Term | Description |
---|---|
Child | A node directly below the current node |
Parent | Single node connected directly above the current node |
Siblings | Nodes with the same parent |
Ancestors | All nodes on the path from the selected node up to and including the root |
Descendants | All the children, children’s children, and so forth of a node |
Subtree | The tree consisting of the node and all of its descendants |
Height | The length of the path from the node to its deepest descendant. By length, we mean the number of nodes traveled along a given path. Therefore, the height of a leaf node is 1. (Note: There is an alternate definition of height as the number of edges traversed. In that case, the height of a leaf would be 0.) |
Depth | The length of the path from the node to the root. The depth of the root node is 0. |
Sometimes we’ll refer to the height and depth of a tree as a whole. In these cases, it’s usually assumed that we’re referring to the height of the root node and the depth of the deepest leaf, respectively.
Definition #
For a linked structure of nodes to be considered a tree:
- nodes must have either no parents or 1 parent
- there can be no cycles (paths that start and end at the same node)

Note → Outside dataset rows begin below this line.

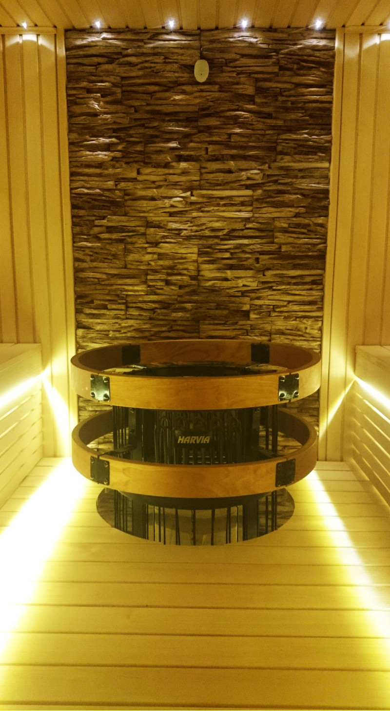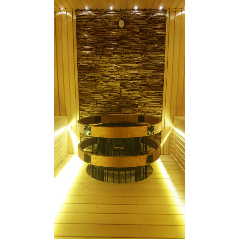 Chauffage - Harvia Legend, qui donne beaucoup de vapeur. Rempli d'une grande quantité de pierres de diabase d'olivine. Le chauffage est contrôlé par une console numérique Griffin, qui peut régler la température à un degré de précision.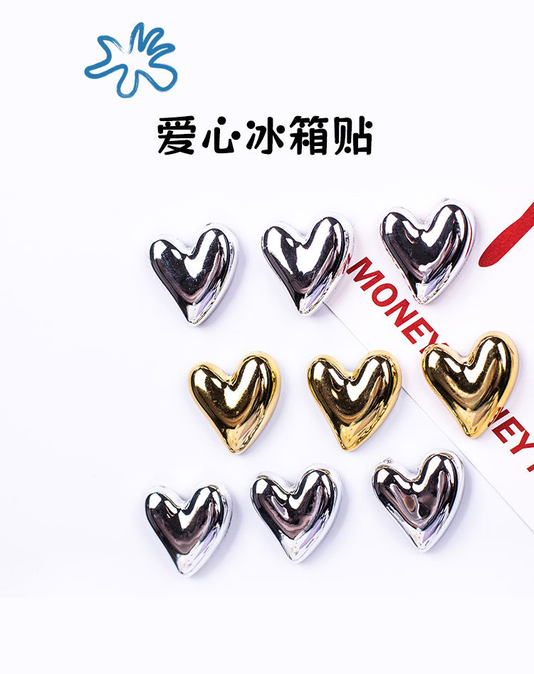 创意电镀爱心亮面复古彩色冰箱贴照片墙拍立得磁贴ins留言板装饰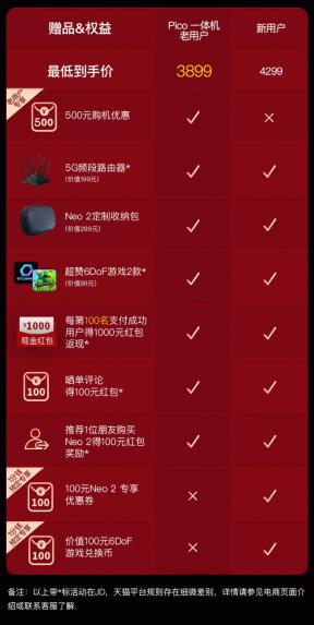 据了解,Pico Neo 2 新品上市定价为4399元,3月16日至24日为预定期,可享1分钱抢100元优惠券+1000P币(价值100元,可在Pico应用商店购买游戏应用)活动;3月25日至27日,新品进行现货开售,届时新用户活动最低到手价为4299元,一体机老用户专享到手价为3899元,每日前100名购买的用户可赢取价值千元的游戏礼包和赠品权益。上述活动在京东天猫平台进行,具体细节可参考对应电商活动介绍。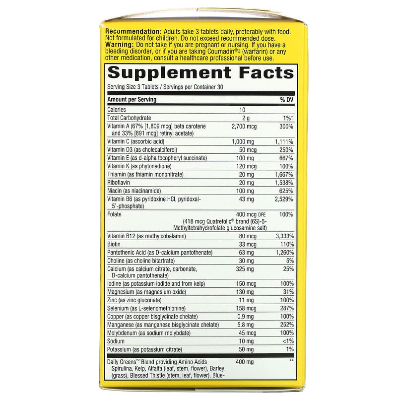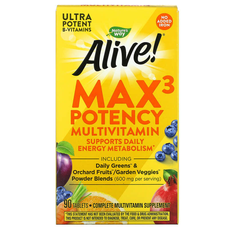 Ultra Potent B-Vitamins Supports Daily Energy MetabolismIncluding Daily Greens™ & Orchard Fruits™/Garden Veggies™ Powder Blends (600 mg Per Serving)Complete Multivitamin SupplementMAX Potency 3x DailyMultivitamin tablets with food-based blends, such as:Orchard Fruits™ / Garden Veggies™ Powder Blend Daily Greens™ Blend Providing Amino Acids Cardio BlendDigestive Enzyme BlendOmega 3/6/9 Fatty Acid Seed BlendCitrus Bioflavonoid Complex Mushroom Defense BlendWhole Body Nutrition with High Potency B-Vitamins including the active form of B-12 and Folate Eye Health: Beta Carotene (Vitamin A), Vitamin C, E, Lutein, Zinc Bone Health: Calcium, Folate, Magnesium, Manganese, Vitamins D3, KHeart Health: B-Vitamins, Vitamin C,EImmune Health: Selenium, Zinc, Vitamins A, C, D3Energy Metabolism: B-Vitamins Skin Health: Vitamins A, C, E, Zinc Alive!® multivitamins were created to give you the energy support you need to do all that is important to you! Get the most from your multi, with potent vitamins & minerals and our food-based blends, and live every day feeling Alive!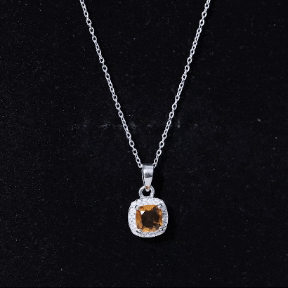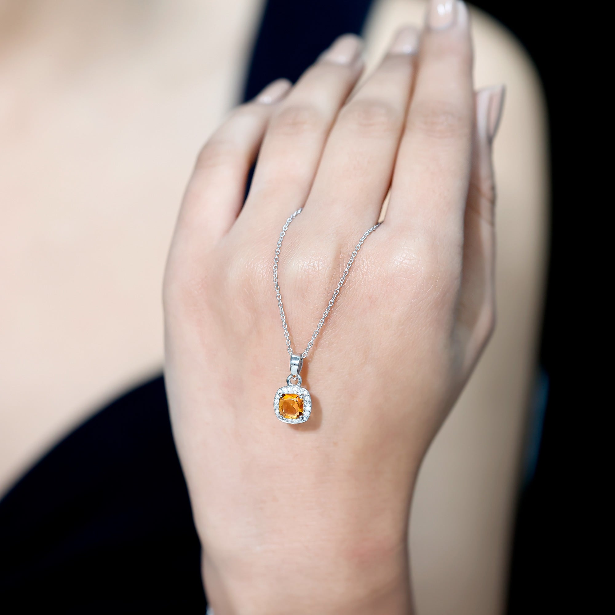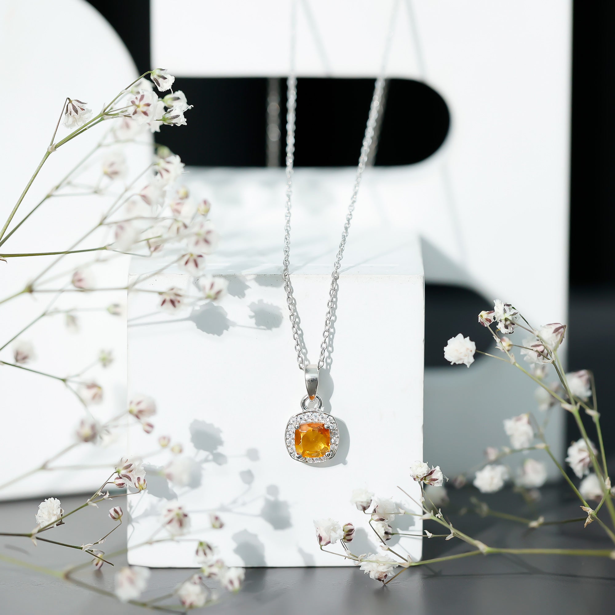 Add a vibrant hue to your outfit with this Citrine Pendant Necklace that exudes a bright hue, which makes you the center of attraction. The classic pendant features a 6 MM Cushion Cut Citrine of AAA Quality encircled by Halo of smaller round shape Moissanites. The pendant with standard bail dangles in a sturdy cable chain, which can be adjusted as per the choice of style. This November Birthstone Pendant can be a thoughtful gift for Scorpions and Sagittarians. This Real Citrine Pendant can be presented as a symbol of joy and personal power. The pendant will be delivered to you in a premium packaging.

- there can only be one path between any two nodes in a tree
- all nodes must be a descendant of the root (except the root itself)
Discussion: Examples of Trees #
Discuss with your partner whether the following examples would be considered trees as we’ve introduced them above.
- Linked List
- Family Tree
Trees are naturally recursive structures, so you’ll find that we implement a lot the methods in this lab using recursion because it tends to be the simplest solution. Unlike linked lists, trees can have one or more children which can make iterative approaches more difficult (this ultimately depends on the structure / implementation of your tree).
Binary Trees #
We’ll now move on from trees and explore a common, special case of the tree data
structure: the binary tree. A binary tree is a tree in which each node has at
most two children. Normally it has two separate variables left
and
right
for the left and right children of the binary tree.
Traversals #
The remainder of this lab will cover the key ideas related to traversing the notes of a tree structure. Before we go over the traversals themselves, let’s first briefly review some of the core ideas behind recursion and recursive programming!
Recursion: A Review #
One interpretation of recursive programming is the clever utilization of the recursive call stack to help us perform certain tasks and operations. Specifically, there is usually an exploration of relationship between the different stack frames of the recursive call stack.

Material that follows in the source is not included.